The Obama administration has lately been attempting to calm the fears of a jittery insurance industry that’s rather concerned about its long-term profitability should the ObamaCare insurance marketplaces not turn out according to plan. In February, the Obama administration was toying with the idea of extending the bailout risk-corridor program — designed to provide money to insurance companies struggling to make ends meet, should the need arise during ObamaCare’s initial phases — beyond its original sunset date set for 2016; and in May, the administration assured insurance companies worried about “unexpectedly” high premiums that they would break the program’s original budget-neutral provision and find even more moolah for the insurance companies if need be. As CMS put it in the relevant regulatory filing, “In the unlikely event of a shortfall for the 2015 program year, HHS recognizes that the Affordable Care Act requires the Secretary to make full payments to issuers. In that event, HHS will use other sources of funding for the risk corridors payments, subject to the availability of appropriations.”
Mmm, hmm. Where, pray tell, might these appropriations come from, if not with the approval of Congress? And, if it comes to that, does the administration really have the authority to carry out this risk-corridor program at its own discretion, at all? This is pretty much the same question Sen. Marco Rubio asked of the administration last fall, and evidently, the White House has yet to deign to provide answers. Via the WFB:
Senate Budget Committee Ranking Member Jeff Sessions (R., Ala.) and House Energy and Commerce Committee Chairman Fred Upton (R., Mich.) sent a letter to Health and Human Services (HHS) Secretary Sylvia Burwell on Tuesday, asking whether her agency has the statutory authority for the risk corridor program, which some have called a bailout of the insurance industry.
“Under current law, payments made under the risk corridor program would constitute an unlawful transfer of potentially billions of taxpayer dollars to insurers offering qualified health plans under the president’s health care law,” Sessions and Upton Wrote. …
“HHS may not make payments under Section 1342 absent additional congressional action appropriating funds for such payments,” they wrote. “Without an explicit appropriation, any money spent on the risk corridor program would be based on an illegal transfer of funds and your agency could be held in violation of the Antideficiency Act.”

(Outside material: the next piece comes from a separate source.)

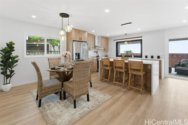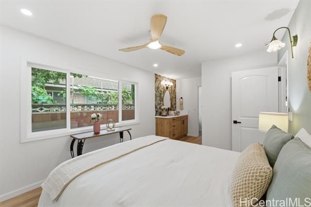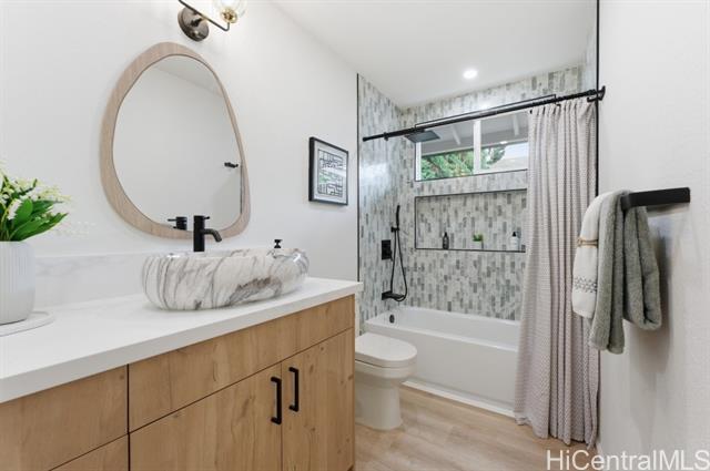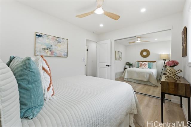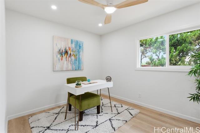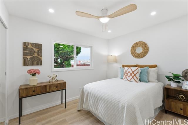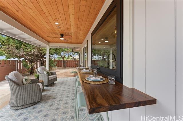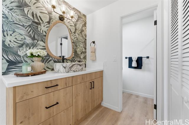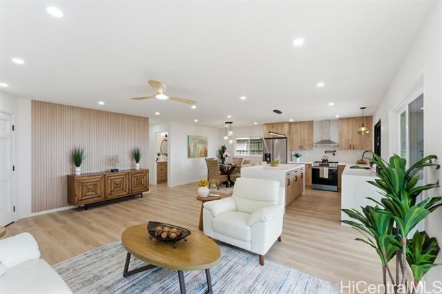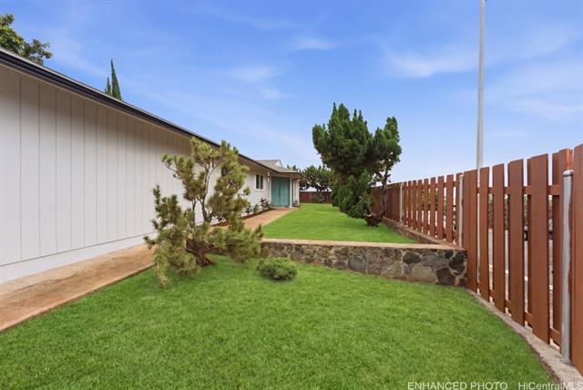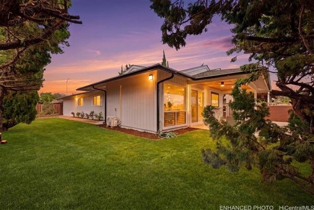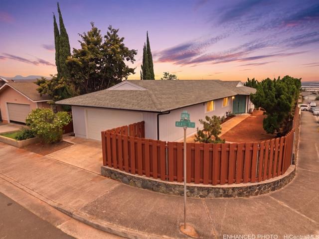 Move-in ready and fully remodeled, this three-bedroom, two-bath Village Park residence sits on an elevated corner lot. The home features new flooring, fresh paint, updated lighting and plumbing fixtures, split A/C, and a beautifully redesigned kitchen with new cabinets, quartz countertops with a waterfall edge, stainless steel appliances, and a pass-through window to the lanai bar counter. The primary bath features a tiled walk-in shower. Conveniently located in Waipahu near shopping, parks, schools, and major commuter routes! Home Features - 3 bedrooms - 2 bathrooms - 1,220 sq ft interior - 4,664 sq ft elevated corner lot - New flooring - Fresh paint on interior and exterior - Updated lighting and plumbing fixtures - New kitchen cabinets with quartz countertops with waterfall edge - Stainless steel appliances - Pass-through window to lanai bar counter - Tiled walk-in shower in primary bath - New Vanities and countertops with vessel sinks - Split A/C - Single-level layout - Garage and driveway parking

The letter raises concerns that HHS has “left open the possibility that it will make payments to health insurance companies under the risk corridor program without seeking additional funding from Congress.”

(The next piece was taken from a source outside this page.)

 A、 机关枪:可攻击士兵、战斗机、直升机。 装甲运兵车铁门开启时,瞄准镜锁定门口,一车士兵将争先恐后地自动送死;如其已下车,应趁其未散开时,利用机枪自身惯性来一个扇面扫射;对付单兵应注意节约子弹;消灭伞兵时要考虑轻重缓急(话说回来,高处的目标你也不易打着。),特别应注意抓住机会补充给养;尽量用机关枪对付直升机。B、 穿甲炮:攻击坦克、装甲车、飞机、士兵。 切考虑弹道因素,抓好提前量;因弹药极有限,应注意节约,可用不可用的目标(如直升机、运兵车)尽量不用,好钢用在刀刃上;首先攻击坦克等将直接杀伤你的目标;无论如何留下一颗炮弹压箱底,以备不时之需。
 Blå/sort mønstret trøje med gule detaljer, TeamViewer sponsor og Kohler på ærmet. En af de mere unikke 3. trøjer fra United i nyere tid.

Sessions and Upton ask Burwell to kindly provide them with HHS’s independent legal analysis on the matter, as well as with a list of the funding sources from which it believes it has the authority to cough up the cash on demand. I do so wonder if the White House will bother to get around to it this time, or even pretend to care about providing legal justifications for what basically amounts to them making things up as they go along.